((

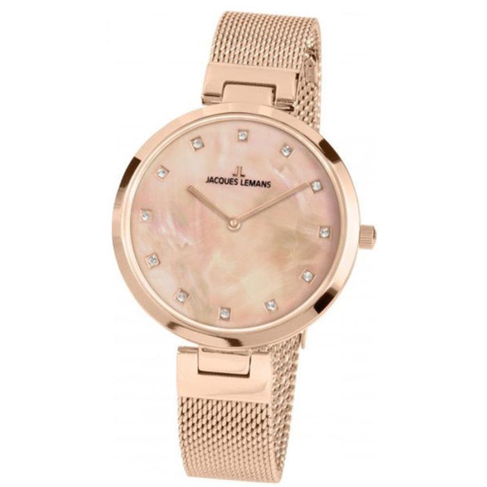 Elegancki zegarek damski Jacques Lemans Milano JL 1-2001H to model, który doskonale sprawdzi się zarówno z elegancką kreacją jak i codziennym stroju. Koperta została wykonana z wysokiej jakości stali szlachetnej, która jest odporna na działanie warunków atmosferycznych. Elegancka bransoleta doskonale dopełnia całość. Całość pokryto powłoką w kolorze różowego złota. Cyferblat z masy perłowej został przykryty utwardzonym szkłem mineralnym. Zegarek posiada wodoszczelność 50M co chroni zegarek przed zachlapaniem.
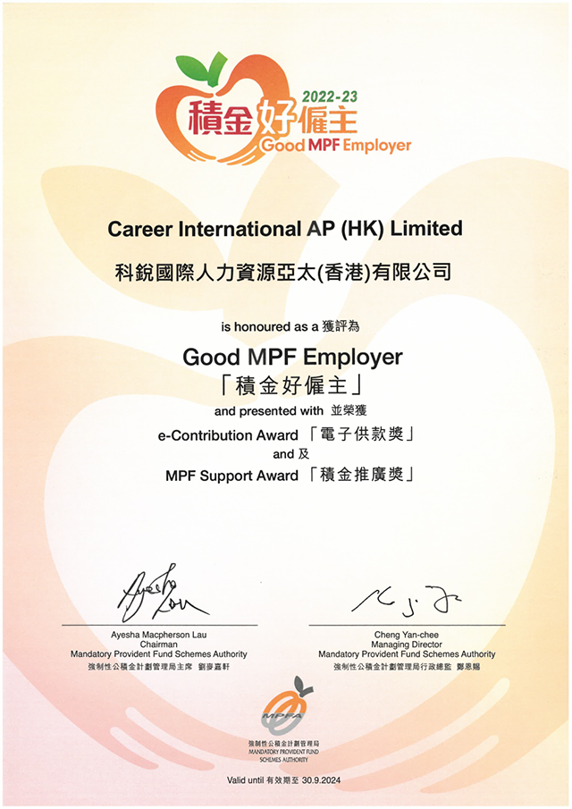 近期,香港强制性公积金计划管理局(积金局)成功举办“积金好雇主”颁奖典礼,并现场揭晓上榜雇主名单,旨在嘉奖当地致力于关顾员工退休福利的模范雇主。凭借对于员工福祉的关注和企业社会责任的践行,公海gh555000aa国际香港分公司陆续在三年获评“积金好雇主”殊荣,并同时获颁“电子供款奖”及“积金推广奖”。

))
((

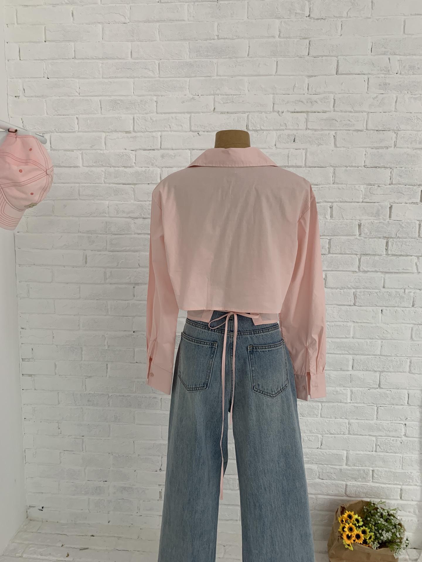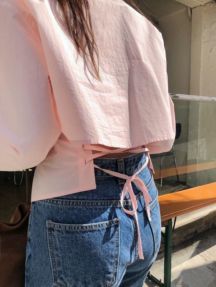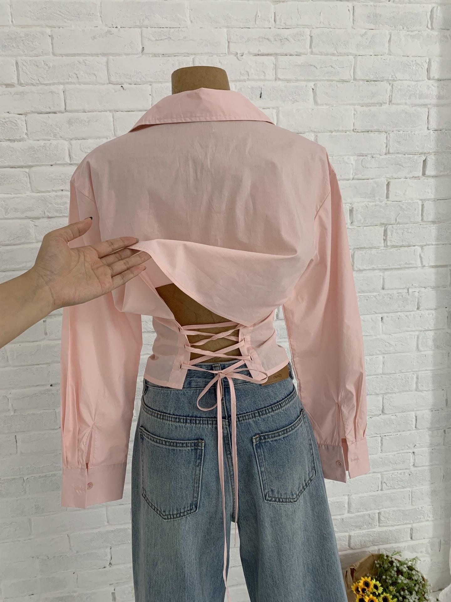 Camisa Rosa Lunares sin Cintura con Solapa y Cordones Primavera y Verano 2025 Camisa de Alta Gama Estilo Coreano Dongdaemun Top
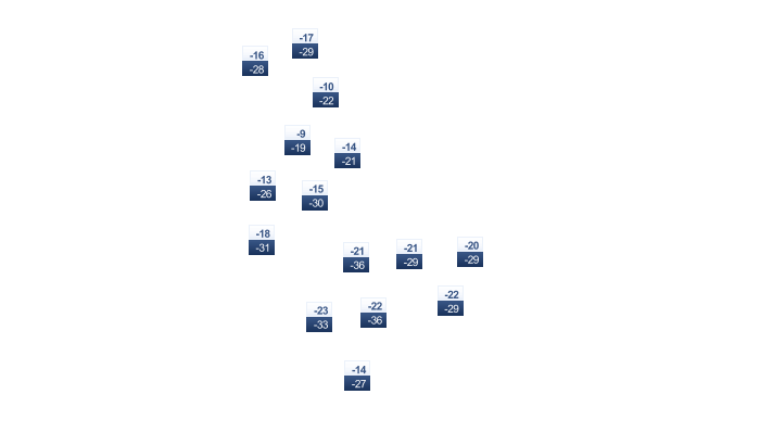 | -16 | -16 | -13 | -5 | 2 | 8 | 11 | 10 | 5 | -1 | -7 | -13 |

))

> _Problem to solve_
Output exactly the lines above, beginning at the one with "Camisa Rosa Lunares" and stopping after the one with "5 | -1 | -7 | -13 |". Pictures are to be omitted.

> _Written solution_
 Camisa Rosa Lunares sin Cintura con Solapa y Cordones Primavera y Verano 2025 Camisa de Alta Gama Estilo Coreano Dongdaemun Top
 | -16 | -16 | -13 | -5 | 2 | 8 | 11 | 10 | 5 | -1 | -7 | -13 |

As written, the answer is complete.